* Data section

====================

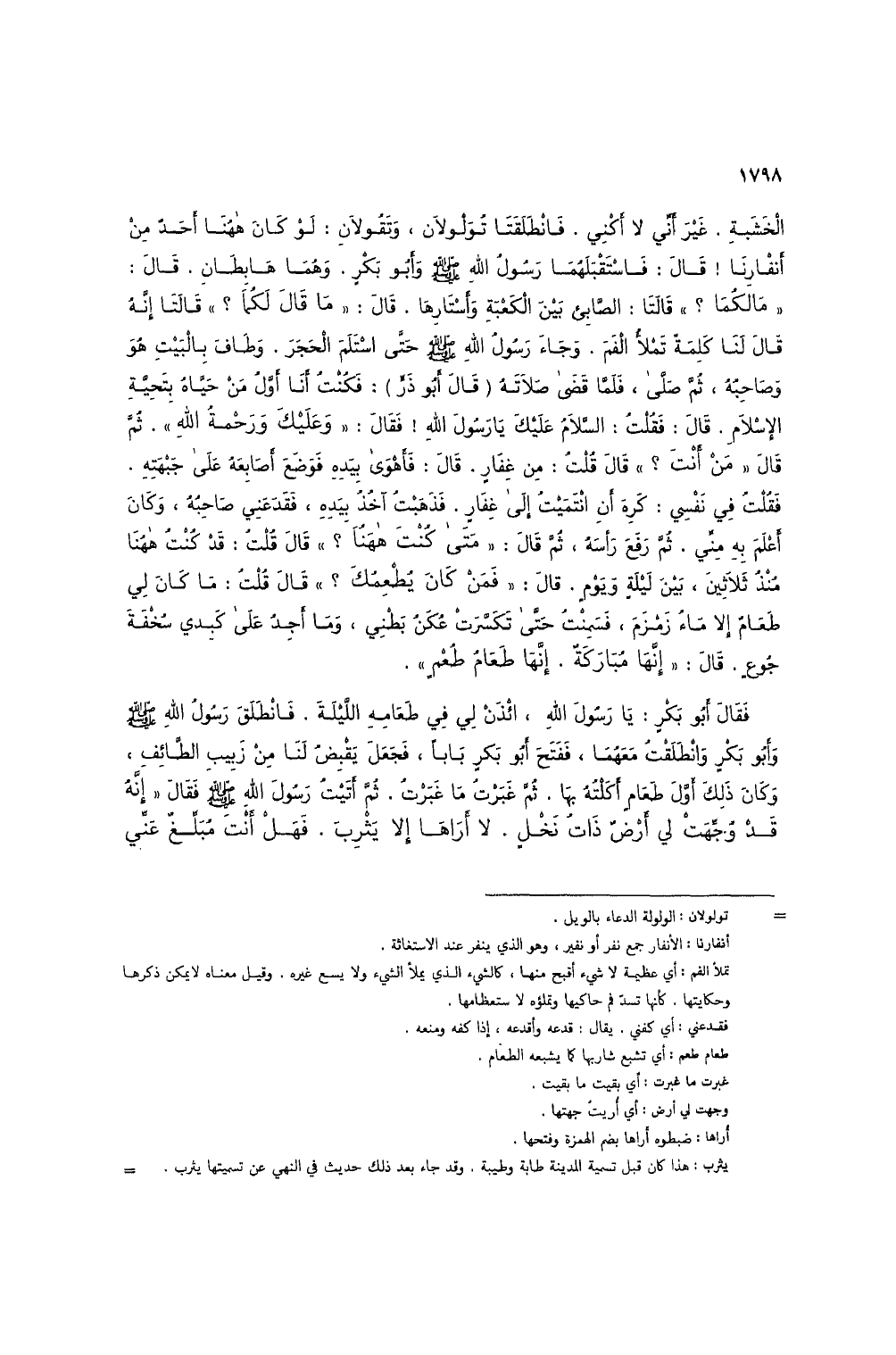 الخشبة. غير أني لا أكني. فانطلقتا تولولان وتقولان: لو كان هاهنا أحد من أنفارنا! قال: فاستقبلهما رسول الله صلى الله عليه وسلم وأبو بكر. وهما هابطان، فقال: "ما لكما؟ " قالتا: الصابئ بين الكعبة وأستارها. قال: " ما قال لكما؟ " قالتا: إنه قال لنا كلمة تملأ الفم. وجاء رسول الله صلى الله عليه وسلم حتى استلم الحجر. وطاف بالبيت هو وصاحبه، ثم صلى، فلما قضى صلاته (قال أبو ذر): فكنت أنا أول من حياه بتحية الإسلام، قال: فقلت: السلام عليك يا رسول الله! فقال: "وعليك ورحمة الله". ثم قال: "من أنت؟ "، قال قلت: من غفار. قال: فأهوى بيده فوضع أصابعه على جبهته. فقلت في نفسي: كره أن انتميت إلى غفار، فذهبت آخذ بيده، فقدعني صاحبه، وكان أعلم به مني. ثم رفع رأسه، ثم قال: "متى كنت ههنا؟ " قال قلت: قد كنت ههنا منذ ثلاثين، بين ليلة ويوم، قال: "فمن كان يطعمك؟ " قال قلت: ما كان لي طعام إلا ماء زمزم، فسمنت حتى تكسرت عكن بطني، وما أجد على كبدي سخفة جوع. فقال: "إنها مباركة. إنها طعام طعم".
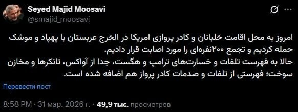 L'Iran a attaqué la base des pilotes de l'armée de l'air américaine en Arabie saoudite, où se trouvaient 200 personnes C'est ce qu'a annoncé le commandant de l'armée de l'air du CGRI, Majid Mousavi.
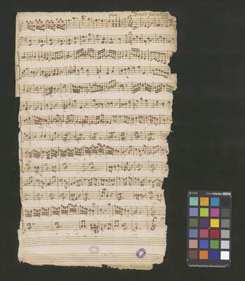 [pl-text: Karty obłożone okładką z mocniejszego papieru. Zapis tytułu na okładce wykonany przez innego kopistę niż głosy zawarte w źródle.], [pl-text: Foliacja w źródle naniesiona ołówkiem.], [pl-text: Folio 24, 25 prawdopodobnie straszne od reszty rękopisu, spisane inną ręką.], [pl-text: Tekst słowny wpisany pod zapisem nutowym pochodzi od więcej niż jednego kopisty.], [pl-text: Pieczęć: „CATH. CRAC. * ARCH. CAPIT.” (czerwona) na jednej z wewnętrznych stron okładki, f. 1-19r, 20v, 21r, 22r, 23v, 24r, 25r; niebieska na f. 1r, 3r, 5r, 7r, 9r, 11r, 13r, 15r, 17r, 18r, 19r, 20v, 21r, 22r, 23v, 24r, 25r; Pieczęć: „ARCHIWUM I BIBLIOTEKA”, „Krakowskiej Kapituły Katedralnej” z sygnaturą wpisaną ołówkiem na wewnętrznej stronie okładki (na odwrocie k. tytułowej).]
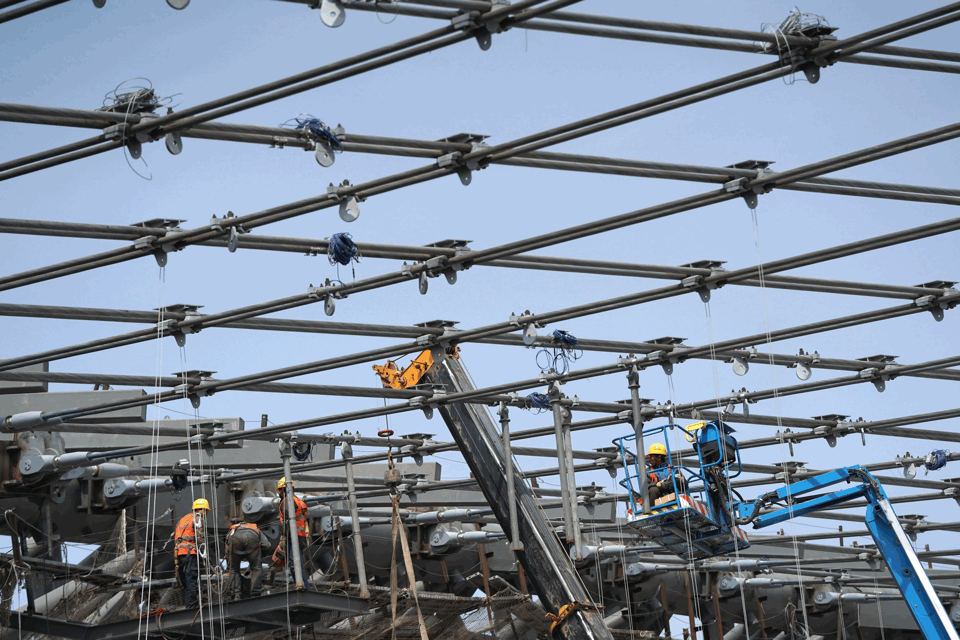 国家速滑馆屋面索网结构采用国产高钒封闭索,索网结构平面投影尺寸约198×124米,是世界最大的索网体育馆屋面。研发首创了复杂张力结构综合形态分析方法,用钢量约为传统屋顶的1/4。

====================

* Exercise aim
The pictures should not be reproduced; quote all of the other material exactly.

* Problem solution
 الخشبة. غير أني لا أكني. فانطلقتا تولولان وتقولان: لو كان هاهنا أحد من أنفارنا! قال: فاستقبلهما رسول الله صلى الله عليه وسلم وأبو بكر. وهما هابطان، فقال: "ما لكما؟ " قالتا: الصابئ بين الكعبة وأستارها. قال: " ما قال لكما؟ " قالتا: إنه قال لنا كلمة تملأ الفم. وجاء رسول الله صلى الله عليه وسلم حتى استلم الحجر. وطاف بالبيت هو وصاحبه، ثم صلى، فلما قضى صلاته (قال أبو ذر): فكنت أنا أول من حياه بتحية الإسلام، قال: فقلت: السلام عليك يا رسول الله! فقال: "وعليك ورحمة الله". ثم قال: "من أنت؟ "، قال قلت: من غفار. قال: فأهوى بيده فوضع أصابعه على جبهته. فقلت في نفسي: كره أن انتميت إلى غفار، فذهبت آخذ بيده، فقدعني صاحبه، وكان أعلم به مني. ثم رفع رأسه، ثم قال: "متى كنت ههنا؟ " قال قلت: قد كنت ههنا منذ ثلاثين، بين ليلة ويوم، قال: "فمن كان يطعمك؟ " قال قلت: ما كان لي طعام إلا ماء زمزم، فسمنت حتى تكسرت عكن بطني، وما أجد على كبدي سخفة جوع. فقال: "إنها مباركة. إنها طعام طعم".
 L'Iran a attaqué la base des pilotes de l'armée de l'air américaine en Arabie saoudite, où se trouvaient 200 personnes C'est ce qu'a annoncé le commandant de l'armée de l'air du CGRI, Majid Mousavi.
 [pl-text: Karty obłożone okładką z mocniejszego papieru. Zapis tytułu na okładce wykonany przez innego kopistę niż głosy zawarte w źródle.], [pl-text: Foliacja w źródle naniesiona ołówkiem.], [pl-text: Folio 24, 25 prawdopodobnie straszne od reszty rękopisu, spisane inną ręką.], [pl-text: Tekst słowny wpisany pod zapisem nutowym pochodzi od więcej niż jednego kopisty.], [pl-text: Pieczęć: „CATH. CRAC. * ARCH. CAPIT.” (czerwona) na jednej z wewnętrznych stron okładki, f. 1-19r, 20v, 21r, 22r, 23v, 24r, 25r; niebieska na f. 1r, 3r, 5r, 7r, 9r, 11r, 13r, 15r, 17r, 18r, 19r, 20v, 21r, 22r, 23v, 24r, 25r; Pieczęć: „ARCHIWUM I BIBLIOTEKA”, „Krakowskiej Kapituły Katedralnej” z sygnaturą wpisaną ołówkiem na wewnętrznej stronie okładki (na odwrocie k. tytułowej).]
 国家速滑馆屋面索网结构采用国产高钒封闭索,索网结构平面投影尺寸约198×124米,是世界最大的索网体育馆屋面。研发首创了复杂张力结构综合形态分析方法,用钢量约为传统屋顶的1/4。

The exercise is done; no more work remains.